TOKYO - Japan's top carmakers have teamed up with major energy companies and other key players to set up a consortium to reduce the costs and inconvenience of using hydrogen fuel-cell vehicles (FCVs) in a bid to boost demand.
The consortium of 11 companies - known as Japan H2 Mobility - aims to reduce the costs of installing and maintaining hydrogen refuelling stations, among other objectives.
It targets to have 80 new hydrogen stations by fiscal 2021 - in addition to the current 101 that have been built, planned or are undergoing construction by individual companies, president Hideki Sugawara said on Monday (March 5).
This is in line with national targets set last year for 160 stations by 2020, and 900 by 2030.
Tokyo also wants to increase the number of FCVs on its roads to 40,000 units by 2020, and to 800,000 units by 2030.
The hope is that more advanced technology and better cost efficiencies can help to drive consumer interest, with refuelling costs expected to be slashed by a third by 2030, Mr Sugawara said.
The joint venture company will also work to reduce the burden on infrastructure companies to build and maintain hydrogen stations through private and public funds.
Each station now has a price tag of 500 million Japanese yen (S$6.3 million), about five times the cost of a petrol station. Talks are ongoing to secure other investors.
The government plans to have at least 100 hydrogen-powered buses ferry athletes between venues at the 2020 Tokyo Olympic Games, in a show of Japan's concerted push towards adopting clean energy.
Yet, its current domestic take-up rate for FCVs, dubbed by Prime Minister Shinzo Abe as the "ultimate eco-car", has been slow. Only 2,400 such vehicles ply the roads - four years since Toyota became the world's first carmaker to mass produce such cars and two years after Honda entered the market.
Industry leaders spelt out a chicken-and-egg problem at a news conference on Monday. Demand for FCVs, seen as expensive and inconvenient, cannot grow without an adequate network of hydrogen refuelling stations which, by themselves, are white elephants with a lack of demand.

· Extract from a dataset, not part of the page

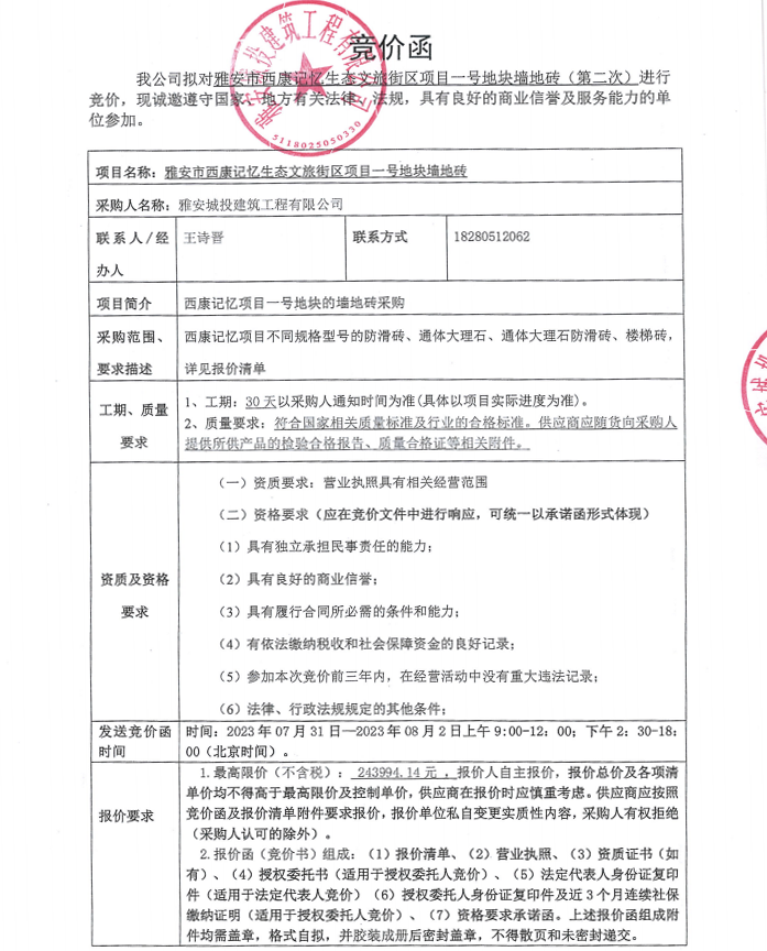 雅安市西康記憶生態(tài)文旅街區(qū)項(xiàng)目一號(hào)地塊墻地磚(第二次)競價(jià)采購公告

This led the 11 Japanese companies to band together to rev up national efforts to drive down the costs in installing and maintaining hydrogen stations.
The companies include three of Japan's motoring giants - Toyota, Honda and Nissan. There are also six major energy companies including JXTG Nippon Oil & Energy, Idemitsu Kosan and Air Liquide Japan. Also represented are trading firm Toyota Tsusho, and the government-backed Development Bank of Japan.
FCVs tap hydrogen and oxygen to power themselves. The only by-product is water, which can be discharged from the vehicle as vapour. As it is, Japan is already two years behind its initial target of 100 hydrogen stations by March 2016.
JXTG senior vice-president Yutaka Kuwahara, whose company runs about 40 per cent of Japan's hydrogen stations, said construction has been slowing due to a lack of users and the high building costs.
When asked how the new alliance will improve the situation, he said: "We need to lower the costs to remove the bottlenecks of high construction and operational costs, and in this sense, the joint venture marks a new 'all-Japan' business model."